==== AVAILABLE DATA
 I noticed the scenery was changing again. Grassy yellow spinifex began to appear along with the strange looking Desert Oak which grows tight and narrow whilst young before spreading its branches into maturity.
========
==== AVAILABLE DATA
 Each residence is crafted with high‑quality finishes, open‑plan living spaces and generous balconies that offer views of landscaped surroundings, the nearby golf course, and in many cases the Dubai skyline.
========
==== AVAILABLE DATA
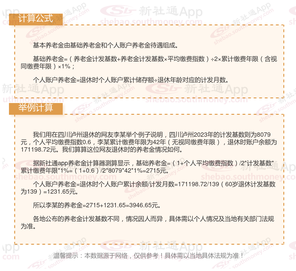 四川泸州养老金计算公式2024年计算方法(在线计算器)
========
**ACTIVITY:**
Count how many lines of the material hold the string "with". Give the number and nothing more.

**ANSWER:**
2